■ **DESCRIPTION OF THE TASK**
Write out the data exactly as given, dropping every picture.

■ **SUPPLIED MATERIAL**

####################

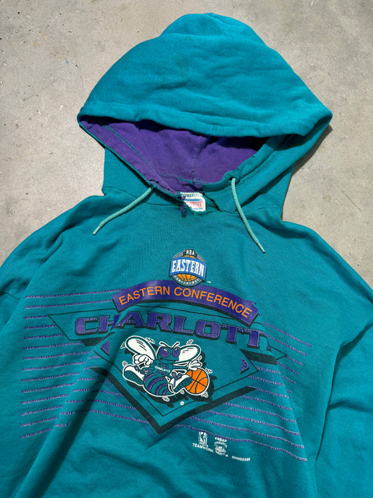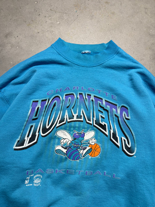 90’s Charlotte Hornets Vintage Teal Distressed Salem Sportswear NBA Crewneck (XL)
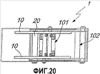 На фиг.10 показаны задние направляющие 21 и 23 и поршень 16, вид сзади.
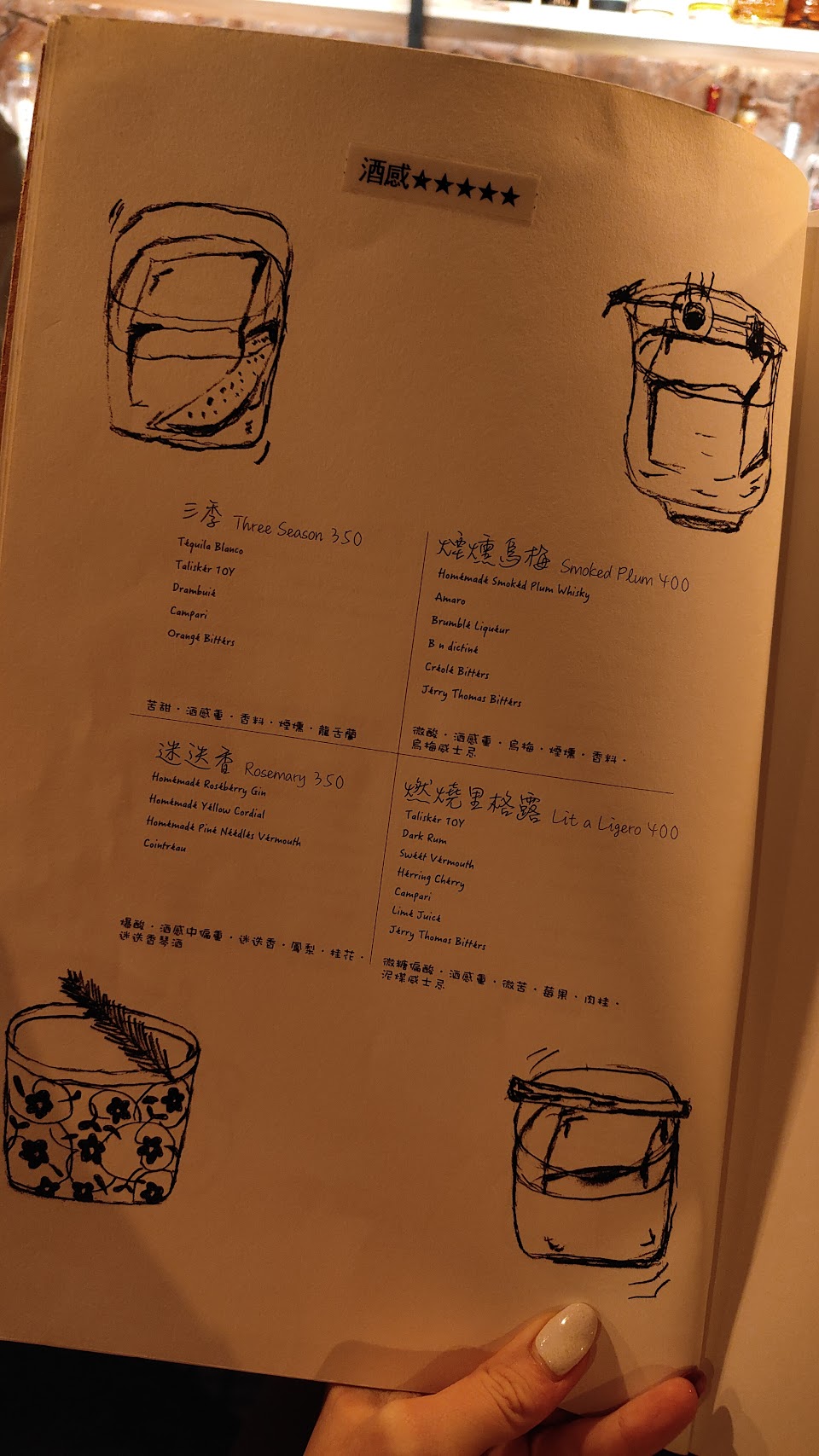 配合冬季元素,入口第一個味道是薑味(怕薑的人可以斟酌)薑味之後是酸甜的味道,以綠茶琴酒為基地,很清爽,作為第一杯酒飲用很適合!

####################

■ **RESPONSE TO THE EXERCISE**
 90’s Charlotte Hornets Vintage Teal Distressed Salem Sportswear NBA Crewneck (XL)
 На фиг.10 показаны задние направляющие 21 и 23 и поршень 16, вид сзади.
 配合冬季元素,入口第一個味道是薑味(怕薑的人可以斟酌)薑味之後是酸甜的味道,以綠茶琴酒為基地,很清爽,作為第一杯酒飲用很適合!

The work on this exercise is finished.